Honey and refined sugar have different chemistry. Refined sugar is 100 per cent sucrose, which needs to be broken into glucose (blood sugar) with the help of insulin to facilitate its assimilation by the body cells. In contrast, honey has three main sugars-fructose 38 per cent, glucose 31 per cent and sucrose 1 per cent. More importantly, the sugars in honey are pre-digested, and if taking in the right quantity, it does not require the services of insulin to be absorbed into the cells to generate heat and energy.

Honey is ever adored and relished across the world. Even in the US that boasts of hi-tech medical facilities and world class hospitals, a group of medical doctors operating under the aegis of Committee for Promotion of Honey and Health is educating the American public about the goodness and health benefits of honey.

An experiment to compare the benefits of honey and sugar was carried out at the Cornell University, New York in the 1930s. One group of premature babies was given a honey-based formula and the other was given a sugar-based formula. The growth and vital signs of both groups were taken and the honey- fed group surpassed the sugar group in all categories. Honey has been found to be of great value to infants especially as a supplement added to natural fruit juice. In the case of premature babies and infants at risk, honey improves weight gain, growth, hemoglobin formation, calcium retention, relief from constipation and diarrhoea. It has also been proved that children fed on honey rarely have colic because the potassium it supplies is vital for the rapid growth of a child’s body. Owing to the nature of its sugars, honey provides both a quick-energy release and a slow-energy release, which maintains the child’s blood glucose level, avoiding the swings and crashes one would see with processed sugar. Studies at the University of Minnesota, USA confirmed these observations and medical doctors there say honey should be more widely used to maintain the children’s health.

Refined sugar makes the body susceptible to other infections like dysentery and diarrhoea, which honey can clear with ease.

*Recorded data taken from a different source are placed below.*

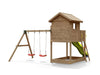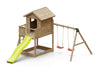 Torre gioco con scivolo, piattaforma, altalena doppia e scala
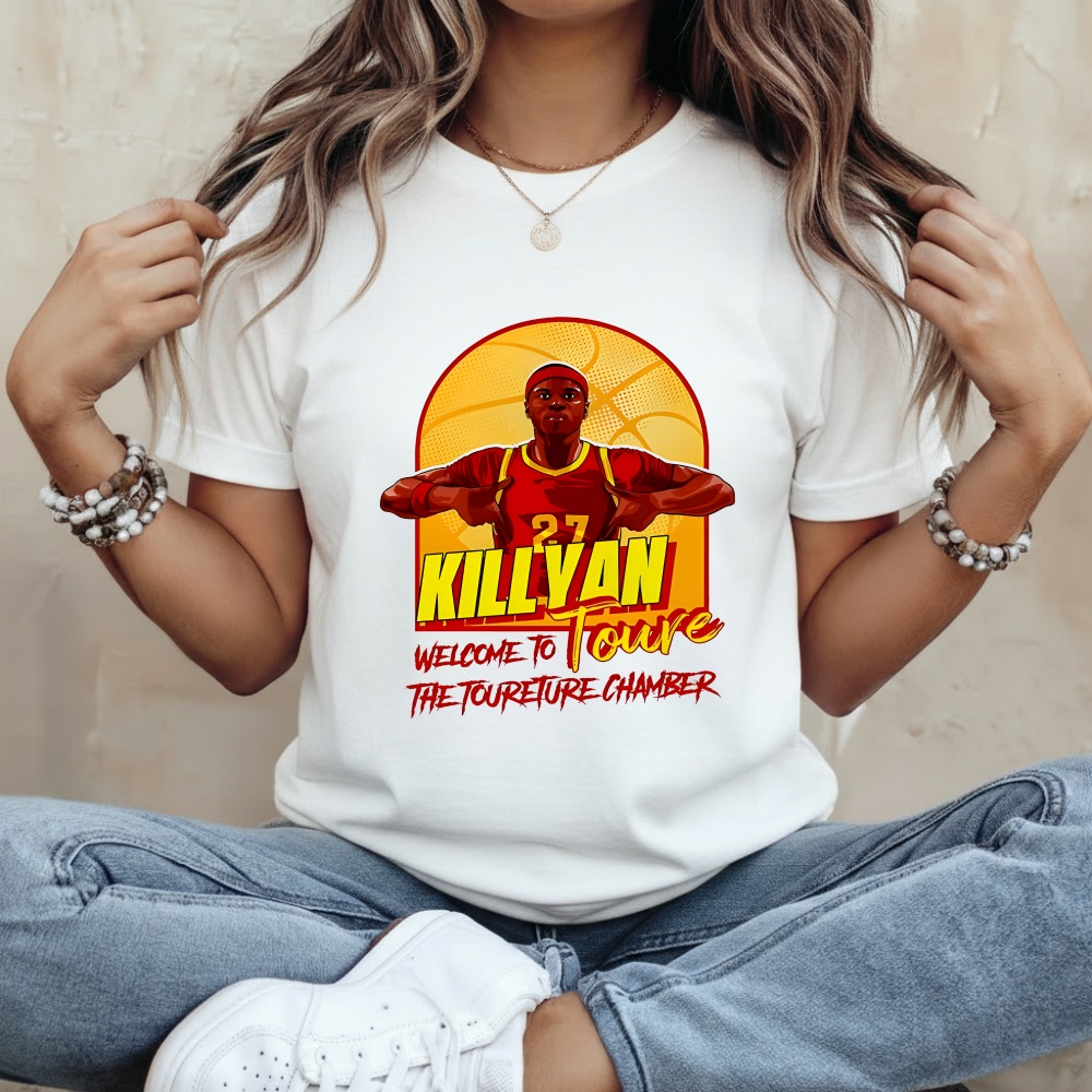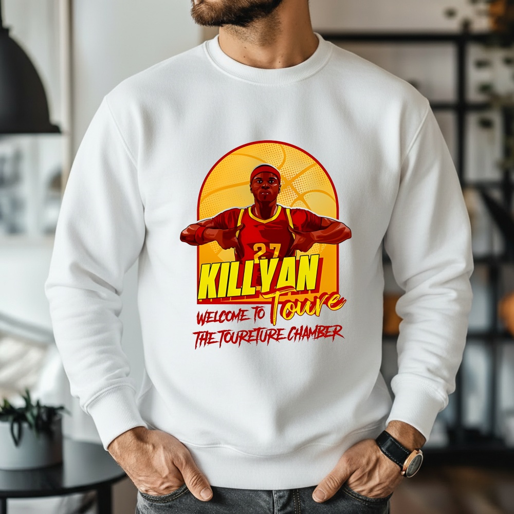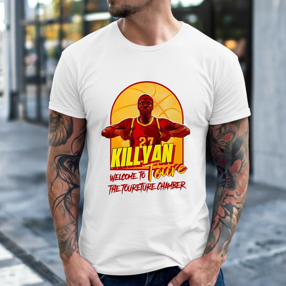 The Killyan Toure Welcome to the Toureture Chamber Shirt is all about attitude. Built around bold wordplay, the design transforms a player welcome into a statement of dominance, intensity, and competitive fire. It’s the kind of slogan that sounds like it belongs in a packed arena—loud, unapologetic, and meant to intimidate opponents before the game even starts.
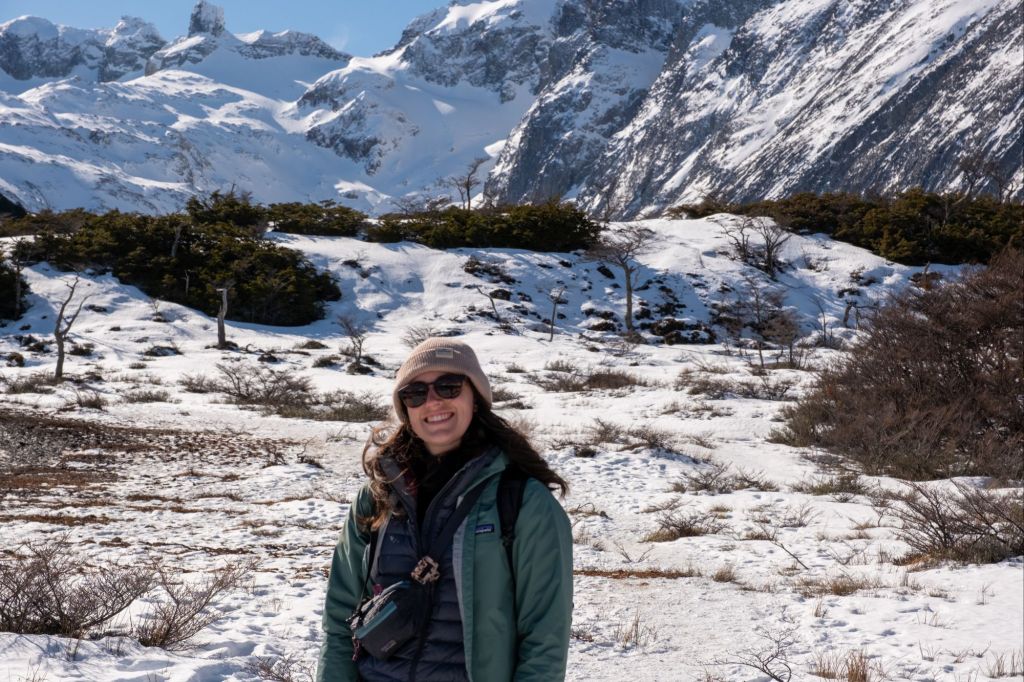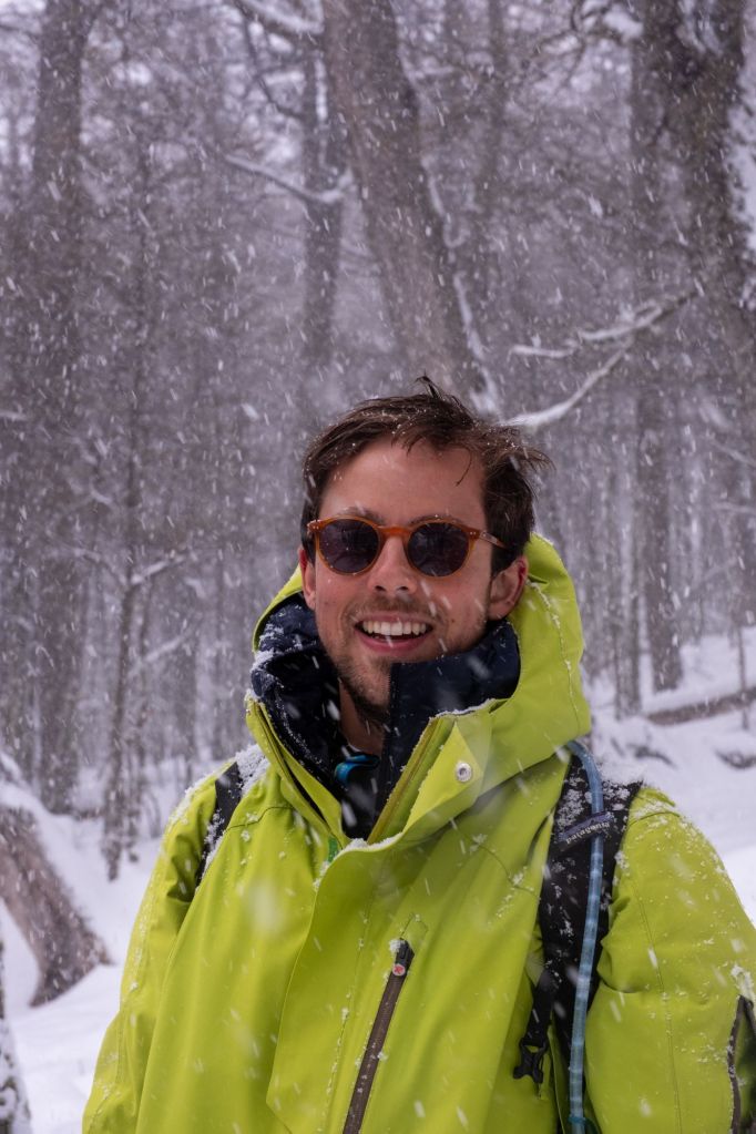 Les montagnes enneigées sont magnifiques, tout autour de nous. Après une dernière petite montée glissante dans une forêt enneigée, nous arrivons à la Laguna Esmeralda. En été elle prend une belle couleur verte, comme son nom l’indique, mais pour nous elle est entièrement gelée ! Nous nous promenons donc sur le lac, au milieu des montagnes enneigées, l’endroit est magique !

The Honey Research Unit of the University of Waikato, New Zealand, found honey to be effective in treating bacterial gastroenteritis in infants. Used in place of glucose in an oral re-hydration fluid, it was found to be as effective as glucose in achieving re-hydration, while the antibacterial activities cleared the infection in bacterial diarrhoea.

In the United States, the government’s dietary guidelines for Americans also advise that refined sugar should be used in moderation to stem epidemic of obesity, which precipitates many killer diseases.

Interestingly, honey makes weight shedding a tea party. Do you want to know how to eat honey to stay slim?

For the wise, honey should be an inseparable part of daily menu. Whether you stir raw honey in herbal tea, natural fruit juice or take it in spoonful, it has got you covered against many life-threatening diseases.